Le niveau sonore sous-marin a doublé

Les ondes sonores qui circulent plus loin et cinq fois plus vite dans l’eau que dans l’air, sont essentielles pour l es baleines, dauphins, et autres cétacés. Elles leur permettent de se déplacer, de communiquer et de s’accoupler.

Le bruit trop élevé des navires produit une augmentation du stress chez ces animaux, créé des interférences et pousse certaines espèces à abandonner leur habitat. ​L’enregistrement sonore partagé sur le site du Fonds international pour la protection des animaux permet de se rendre compte du bruit qu’entendent les espèces sous-marines lorsque des bateaux arrivent.

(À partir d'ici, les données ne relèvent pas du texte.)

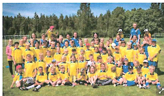
VIFs populära fotbollsskola 2016 tackar för sig

Aujourd’hui, 90 % des marchandises consommées dans le monde sont transportées par bateau, pointe l’European Maritime Safety Agency (Emsa) . Selon l’Agence européenne de l’environnement , le transport maritime a contribué à plus que doubler les niveaux sonores sous-marins dans les eaux de l’Union européenne (UE) entre 2014 et 2019. En 2014, l’Organisation maritime internationale (OMI) a publié une liste de directives pour inciter les navires à réduire les bruits sous-marins qu’ils produisaient.

40 % de réduction du bruit

Il s’agissait pour les concepteurs et les constructeurs de bateaux de fabriquer des hélices, des coques et des machines plus silencieuses. « C’était sur la base du volontariat, il n’y avait pas d’aspect contraignant, donc ça a eu du mal à prendre réellement », regrette Noé Swynghedauw. En 2008, en considérant les conséquences de la pollution sonore sur la faune sous-marine, l’UE a adopté la Directive-cadre stratégie pour le milieu marin. L’objectif ? Atteindre un bon état écologique des eaux européennes d’ici 2020. Un objectif encore en cours dans lequel s’inscrit la campagne de l’Ifaw. 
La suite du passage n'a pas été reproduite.